▸ **Try it**
Set down exactly the lines below between the line holding "Brennstoffzellen lassen sich" and the line holding "Но что вызвало", inclusive; no other line belongs in the answer.

___ Records provided ___

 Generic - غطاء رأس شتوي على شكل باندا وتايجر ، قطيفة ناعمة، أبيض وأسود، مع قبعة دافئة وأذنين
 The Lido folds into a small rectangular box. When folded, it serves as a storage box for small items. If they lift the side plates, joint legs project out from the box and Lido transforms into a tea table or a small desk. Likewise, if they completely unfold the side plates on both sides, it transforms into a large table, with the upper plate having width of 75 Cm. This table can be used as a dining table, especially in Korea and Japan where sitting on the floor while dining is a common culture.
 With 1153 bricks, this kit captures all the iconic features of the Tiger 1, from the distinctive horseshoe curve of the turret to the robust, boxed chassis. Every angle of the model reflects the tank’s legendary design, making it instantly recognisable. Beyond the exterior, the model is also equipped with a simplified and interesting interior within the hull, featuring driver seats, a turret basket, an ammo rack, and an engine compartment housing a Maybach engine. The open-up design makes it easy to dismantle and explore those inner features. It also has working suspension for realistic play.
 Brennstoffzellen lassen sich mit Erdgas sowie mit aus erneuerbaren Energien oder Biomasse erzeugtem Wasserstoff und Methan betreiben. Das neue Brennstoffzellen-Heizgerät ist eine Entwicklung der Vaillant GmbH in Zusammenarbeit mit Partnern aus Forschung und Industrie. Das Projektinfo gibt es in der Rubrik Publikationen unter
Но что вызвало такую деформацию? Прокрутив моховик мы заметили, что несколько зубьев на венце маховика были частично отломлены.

___
___ Records provided ___

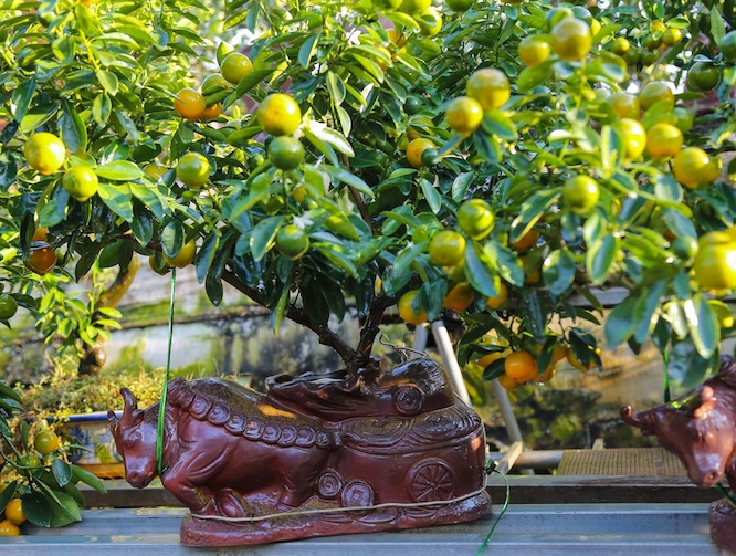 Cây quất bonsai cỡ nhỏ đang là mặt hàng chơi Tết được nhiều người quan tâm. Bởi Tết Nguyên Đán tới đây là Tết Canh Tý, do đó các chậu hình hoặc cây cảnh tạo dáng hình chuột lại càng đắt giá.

___

▸ **Reply**
 Brennstoffzellen lassen sich mit Erdgas sowie mit aus erneuerbaren Energien oder Biomasse erzeugtem Wasserstoff und Methan betreiben. Das neue Brennstoffzellen-Heizgerät ist eine Entwicklung der Vaillant GmbH in Zusammenarbeit mit Partnern aus Forschung und Industrie. Das Projektinfo gibt es in der Rubrik Publikationen unter
Но что вызвало такую деформацию? Прокрутив моховик мы заметили, что несколько зубьев на венце маховика были частично отломлены.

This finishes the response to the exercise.